What the task requires – Images are not part of the copy; transcribe all the data exactly.

Data –
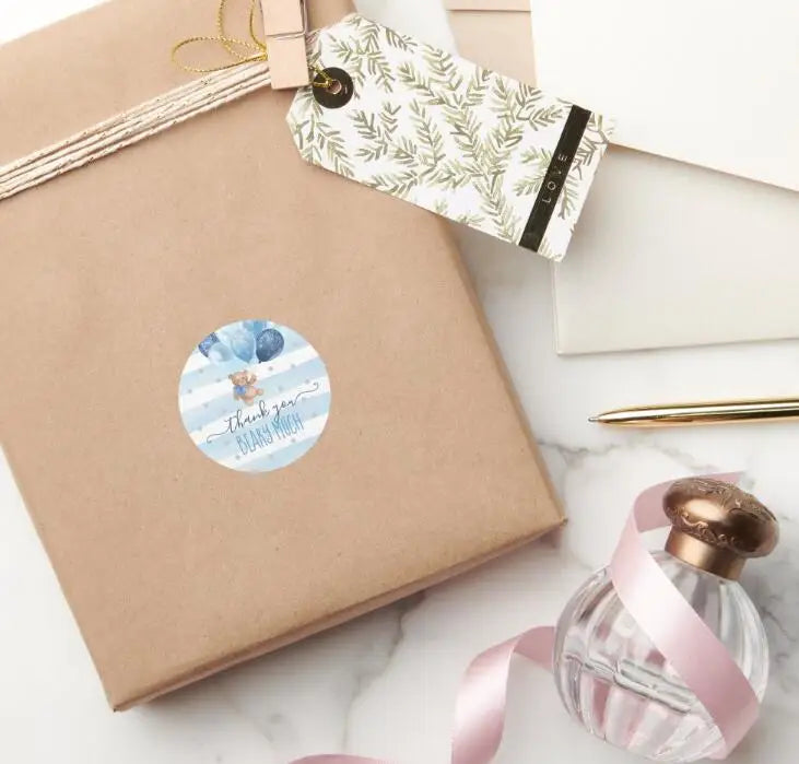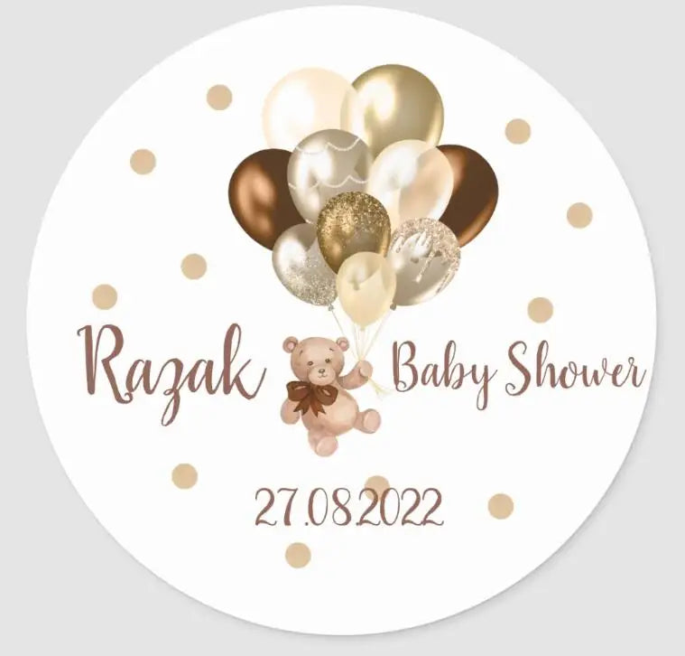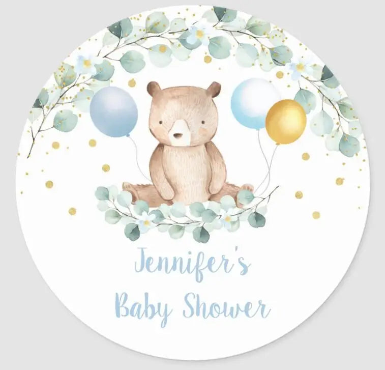Etiquetas adhesivas personalizadas de oso globo para bautizo 2025 - Etiquetas temáticas de zoológico para baby shower y fiestas de cumpleaños con nombre personalizado
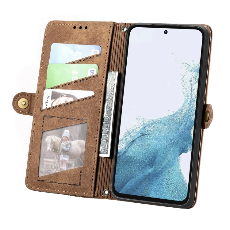 Funda de Cuero Samsung Galaxy A36 5G con Hebilla Lateral y Cremallera Geométrica (Marrón)
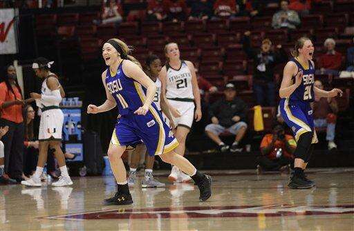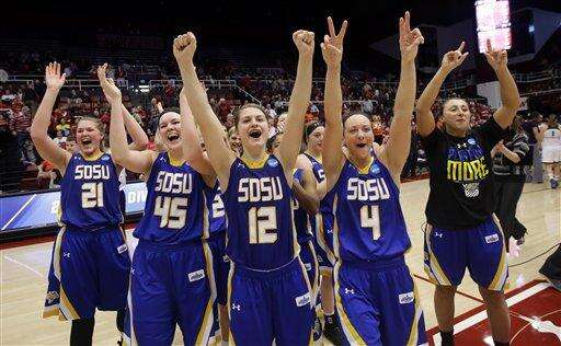 South Dakota State players celebrate after a 74-71 win over Miami in a first-round women's college basketball game in the NCAA Tournament Saturday, March 19, 2016, in Stanford, Calif. (AP Photo/Marcio Jose Sanchez) The Associated Press

Solution to the exercise –
Etiquetas adhesivas personalizadas de oso globo para bautizo 2025 - Etiquetas temáticas de zoológico para baby shower y fiestas de cumpleaños con nombre personalizado
 Funda de Cuero Samsung Galaxy A36 5G con Hebilla Lateral y Cremallera Geométrica (Marrón)
 South Dakota State players celebrate after a 74-71 win over Miami in a first-round women's college basketball game in the NCAA Tournament Saturday, March 19, 2016, in Stanford, Calif. (AP Photo/Marcio Jose Sanchez) The Associated Press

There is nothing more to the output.